Emmanouil Tzorakoleftherakis
2021 年 3 月 2 日
Please take a look at this page at the bottom: "For continuous action spaces, this agent does not enforce the constraints set by the action specification. In this case, you must enforce action space constraints within the environment."
A couple of things you can do is:
1) make sure that the mean path in the actor has a mean path that is scaled to the desired range (if you use the default agent feature that should be automatically handled, but you can make sure by extracting the neural network and checking with "getActor" and "getModel" methods)
2) Normalizing observations and actions is always a good idea if that's an option since it leads to more stable training
John Doe
2021 年 3 月 2 日
actorNet = getModel(getActor(agent));
criticNet = getModel(getCritic(agent));
criticNet.Layers
ans =
7×1 Layer array with layers:
1 'input_1' Feature Input 8 features
2 'fc_1' Fully Connected 256 fully connected layer
3 'relu_body' ReLU ReLU
4 'fc_body' Fully Connected 256 fully connected layer
5 'body_output' ReLU ReLU
6 'output' Fully Connected 1 fully connected layer
7 'RepresentationLoss' Regression Output mean-squared-error
actorNet.Layers
ans =
12×1 Layer array with layers:
1 'input_1' Feature Input 8 features
2 'fc_1' Fully Connected 256 fully connected layer
3 'relu_body' ReLU ReLU
4 'fc_body' Fully Connected 256 fully connected layer
5 'body_output' ReLU ReLU
6 'fc_mean' Fully Connected 5 fully connected layer
7 'tanh' Tanh Hyperbolic tangent
8 'scale' ScalingLayer Scaling layer
9 'fc_std' Fully Connected 5 fully connected layer
10 'std' SoftplusLayer Softplus layer
11 'output' Concatenation Concatenation of 2 inputs along dimension 1
12 'RepresentationLoss' Regression Output mean-squared-error
test = getAction(agent,{rand(obsInfo(1).Dimension)})
celldisp(test);
test{1} =
26.4674
3.2738
2.3261
1.9611
2.5504
test = getAction(agent,{[ 3001 -6.8012 3.1039 354.7631 0 0 8.2629e+04 0 ]})
celldisp(test)
test{1} =
1.0e+03 *
0.0020
0.0223
-5.1131
-1.0185
-6.1576
% And during training some action examples align with the example one above:
1.0e+03 *
0.0020
0.0012
-8.4782
4.2069
-2.3160
1.0e+03 *
0.0020
-0.0054
6.1911
5.2785
0.6783
John Doe
2021 年 3 月 2 日
編集済み: John Doe
2021 年 3 月 2 日
I believe the scaling that you mention should be occurring already because it's using the getModel function, but i have no clue. However, the action outputs are out of scale. Normalizing all of our input data will be a humongous task, so if possible, i'd like to make this work without doing that.
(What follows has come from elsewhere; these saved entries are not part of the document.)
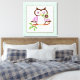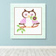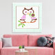 Cute spring owl on a branch wrapped canvas print, featuring a cute spring owl in purple and dark brown holding a flower in her beak (bill) on a branch and mint green plaid border. An adorable design for owl lovers perfect for nursery décor. Artwork by Trina Clark.
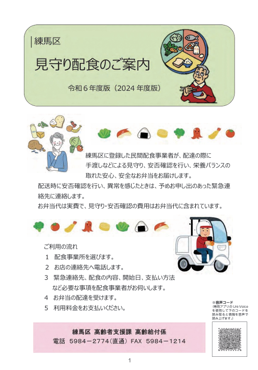 練馬区に登録した民間配食業事業者が、配達の際に手渡しなどによる見守りや安否確認を行います。
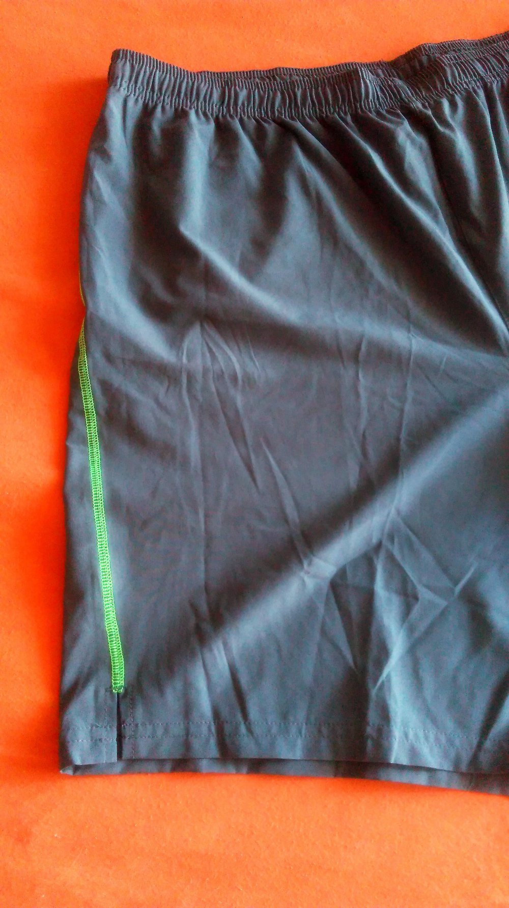 NEU, nie getragen; Graue Sporthose mit Neogrünen Seitenstreifen, Kordelzug; innen eine kleine Tasche (siehe Foto) Sehr dünner Stoff. Bundweite ca. 46 cm; Länge= 47 cm; Größe 56/58 XL
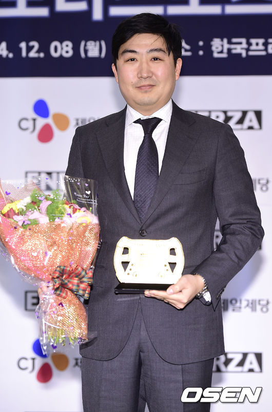 8일 오후 서울 중구 태평로 한국프레스센터 매화홀에서 열린 '제9회 한국모터스포츠 어워즈 2014' 행사에서 올해의 드라이버대상을 수상한 조항우가 포토타임을 갖고 있다.

Emmanouil Tzorakoleftherakis
2021 年 3 月 2 日
You could simply add 8 scaling gains to transform the observation inputs so that they are in the same order of magnitude. That should be helpful enough.
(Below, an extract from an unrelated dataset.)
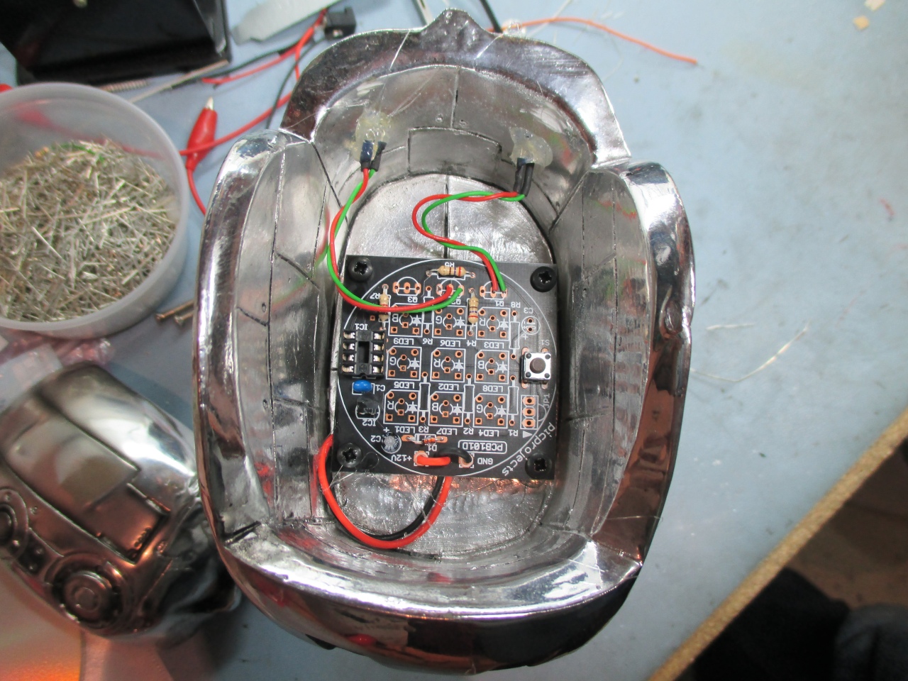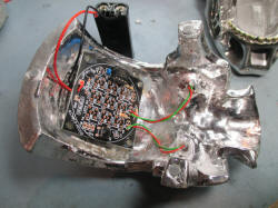 fix the PCB and LEDs into the top of the skull.

Also, if you set up the action specifications correctly, those values should transfer to the 'scalingLayer' in the actor. Can you paste the code where you create the action space? Also, a mat file with the actor and critic would be helpful to take a closer look
John Doe
2021 年 3 月 2 日
Action spec:
action_spec = { { ["action1; " ], [ 2 ], [ 50 ] } ...
{ ["action2;"; "action3;"; "action4;"; "action5;"; ], [ 0.01; 0.01; 0.01; 0.01 ], [4; 4; 4; 4 ] } ...
} ;
[ action_info_combined_name, action_info_combined_lower_limits, action_info_combined_upper_limits ] = retrieveCombinedSpecColumn(action_spec);
ActionInfo.Name = action_info_combined_name;
ActionInfo = rlNumericSpec([5 1],'LowerLimit', action_info_combined_lower_limits, 'UpperLimit', action_info_combined_upper_limits);
function [ name, upper, lower ] = retrieveCombinedSpecColumn(spec)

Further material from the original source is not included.